South Sudan is being held to ransom by what analyst Majak d’Agoot refers to as the “gun class” — men like Kiir and Machar, “sectarian warlords” who have used violence to “hijack” the state for “personal gain”.

It’s essentially a zero-sum game for who will be “king of the hill in Juba”, says conflict researcher Alan Boswell.

It’s a contest that Kiir appears to be winning. He has moved quickly to sideline Machar, with former SPLA-IO chief negotiator Taban Deng Gai sworn in as vice-president.

The government’s intention is for Taban to woo over as many SPLA-IO commanders as possible, and to present him to the outside world as a credible alternative to Machar.

The government maintains the idea there is still a government of national unity, based on the Addis Ababa peace agreement, a mediation effort by the regional Inter-Governmental Authority on Development (Igad).

“What I hear from government is a determination to move forward with implementation of the peace process,” said a Juba-based analyst.

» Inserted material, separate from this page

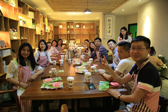 下午2點,寧波的講師們來到了一家咖啡廳,咖啡廳的走廊里,就看到了一塊我們公司專屬插花課畫報,畫報一旁,簇擁著各式品種的花,淡淡的花香撲面而來,沁人心脾,美麗的心情溢于言表。走進咖啡店,花藝師早已為大家準備好了插花素材:布,剪刀,絲帶等,整整齊齊地放在桌面上。講師們陸續到齊,帶上圍裙,點上蠟燭,一邊聽年輕美貌的花藝師講解花的品類,一邊跟著剪枝修葉,動起手來。花朵妖嬈盛放,講師們聽著音樂,品味下午茶,打點著自己的DIY花束,是一種享受,更是一種藝術的熏陶。有趣的是,插花活動里驚現4名男講師,他們可有自己一門小心思呢,等著包好花回家給老婆(女友)大人獻殷勤!

Donors have to decide whether “we work with what we have, which is Taban, versus trying to ease Machar back into the peace process”, says Rashid Abdi of the International Crisis Group.

How acute the choice is will depend to an extent on what Machar does next. Khartoum, against which Kiir and the SPLA fought a bitter war to gain independence in 2011, has long meddled in the south – backing a rebellion by Machar against the SPLA in 1991 for one.

But Abdi believes the strategic calculation is changing. Through force of habit Khartoum may maintain an interest in Machar, but warming relations with Juba, and its main backer Uganda, means it would not be in Sudan’s long-term interests to arm and support him.

There is also diplomatic pressure to relocate Machar to South Africa, or anywhere that does not share a border with South Sudan.

“If he goes to South Africa that will be the end of him,” says analyst Jok Madut Jok of the Sudd Institute, who says he wouldn’t be surprised if Machar slipped back into South Sudan.

“If he can get into Upper Nile, he will be a real player, and we’ll be back to full-blown civil war.”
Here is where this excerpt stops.